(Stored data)

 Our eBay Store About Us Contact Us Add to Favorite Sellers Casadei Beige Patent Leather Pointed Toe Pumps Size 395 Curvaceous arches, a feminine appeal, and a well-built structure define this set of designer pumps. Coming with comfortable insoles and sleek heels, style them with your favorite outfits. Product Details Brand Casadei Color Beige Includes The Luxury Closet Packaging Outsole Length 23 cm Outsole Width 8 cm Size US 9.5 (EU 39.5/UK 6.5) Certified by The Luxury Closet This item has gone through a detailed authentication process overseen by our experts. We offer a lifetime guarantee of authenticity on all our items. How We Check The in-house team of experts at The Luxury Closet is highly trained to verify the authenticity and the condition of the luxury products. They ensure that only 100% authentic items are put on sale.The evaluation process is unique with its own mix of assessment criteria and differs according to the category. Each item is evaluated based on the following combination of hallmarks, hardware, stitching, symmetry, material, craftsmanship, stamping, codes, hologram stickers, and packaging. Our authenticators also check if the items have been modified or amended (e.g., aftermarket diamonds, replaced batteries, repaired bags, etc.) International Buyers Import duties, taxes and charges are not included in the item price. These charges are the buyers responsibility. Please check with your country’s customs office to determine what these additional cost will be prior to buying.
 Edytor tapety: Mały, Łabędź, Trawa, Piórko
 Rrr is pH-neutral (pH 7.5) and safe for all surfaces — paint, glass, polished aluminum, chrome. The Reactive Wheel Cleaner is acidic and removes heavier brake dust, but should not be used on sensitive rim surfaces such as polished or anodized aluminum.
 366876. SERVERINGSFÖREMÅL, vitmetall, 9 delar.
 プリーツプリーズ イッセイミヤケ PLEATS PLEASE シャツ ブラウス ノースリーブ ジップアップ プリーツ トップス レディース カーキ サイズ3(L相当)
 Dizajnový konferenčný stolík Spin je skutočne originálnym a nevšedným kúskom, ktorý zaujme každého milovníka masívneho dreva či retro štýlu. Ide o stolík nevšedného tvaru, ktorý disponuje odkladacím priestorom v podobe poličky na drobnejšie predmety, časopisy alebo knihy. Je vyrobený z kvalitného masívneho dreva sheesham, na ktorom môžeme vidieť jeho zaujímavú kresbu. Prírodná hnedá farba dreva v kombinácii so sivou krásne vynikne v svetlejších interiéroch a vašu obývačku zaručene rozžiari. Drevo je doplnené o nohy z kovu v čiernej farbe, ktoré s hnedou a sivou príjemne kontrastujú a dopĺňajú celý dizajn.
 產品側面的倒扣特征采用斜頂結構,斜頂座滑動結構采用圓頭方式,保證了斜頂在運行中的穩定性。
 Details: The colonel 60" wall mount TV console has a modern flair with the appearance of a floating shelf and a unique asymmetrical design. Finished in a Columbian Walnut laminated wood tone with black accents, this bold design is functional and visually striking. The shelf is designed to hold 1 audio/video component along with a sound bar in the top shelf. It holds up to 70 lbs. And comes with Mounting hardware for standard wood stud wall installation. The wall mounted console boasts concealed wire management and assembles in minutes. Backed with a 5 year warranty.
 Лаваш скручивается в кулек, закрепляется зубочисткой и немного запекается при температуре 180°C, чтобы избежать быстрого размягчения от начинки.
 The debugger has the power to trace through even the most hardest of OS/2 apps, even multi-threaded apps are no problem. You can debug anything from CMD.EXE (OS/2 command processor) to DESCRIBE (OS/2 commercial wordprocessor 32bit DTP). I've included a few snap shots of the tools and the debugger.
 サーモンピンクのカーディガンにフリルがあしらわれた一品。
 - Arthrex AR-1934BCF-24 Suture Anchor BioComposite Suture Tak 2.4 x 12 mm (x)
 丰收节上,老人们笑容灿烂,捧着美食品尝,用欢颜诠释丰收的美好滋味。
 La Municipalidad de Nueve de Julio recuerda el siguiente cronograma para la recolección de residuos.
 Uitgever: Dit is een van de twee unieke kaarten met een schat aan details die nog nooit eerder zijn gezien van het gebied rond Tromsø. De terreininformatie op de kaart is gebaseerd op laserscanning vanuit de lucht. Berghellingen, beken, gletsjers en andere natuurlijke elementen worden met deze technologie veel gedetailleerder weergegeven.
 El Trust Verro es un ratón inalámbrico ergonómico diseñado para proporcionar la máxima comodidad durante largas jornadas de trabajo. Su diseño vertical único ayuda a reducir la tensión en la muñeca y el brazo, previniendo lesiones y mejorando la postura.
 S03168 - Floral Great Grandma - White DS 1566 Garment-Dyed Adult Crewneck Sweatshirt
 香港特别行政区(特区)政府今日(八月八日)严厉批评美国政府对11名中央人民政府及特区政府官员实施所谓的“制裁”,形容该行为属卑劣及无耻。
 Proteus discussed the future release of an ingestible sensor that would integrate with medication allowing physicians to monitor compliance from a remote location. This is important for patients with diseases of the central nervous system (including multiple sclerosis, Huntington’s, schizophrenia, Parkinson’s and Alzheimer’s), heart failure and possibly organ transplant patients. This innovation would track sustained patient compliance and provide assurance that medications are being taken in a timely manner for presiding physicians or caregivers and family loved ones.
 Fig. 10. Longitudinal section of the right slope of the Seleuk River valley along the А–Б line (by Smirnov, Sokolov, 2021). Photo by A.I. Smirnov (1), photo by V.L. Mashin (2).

**EXERCISE**. Scan the entries and show every line in which the word "para" is found.

**EXPECTED OUTPUT**.
 La Municipalidad de Nueve de Julio recuerda el siguiente cronograma para la recolección de residuos.
 El Trust Verro es un ratón inalámbrico ergonómico diseñado para proporcionar la máxima comodidad durante largas jornadas de trabajo. Su diseño vertical único ayuda a reducir la tensión en la muñeca y el brazo, previniendo lesiones y mejorando la postura.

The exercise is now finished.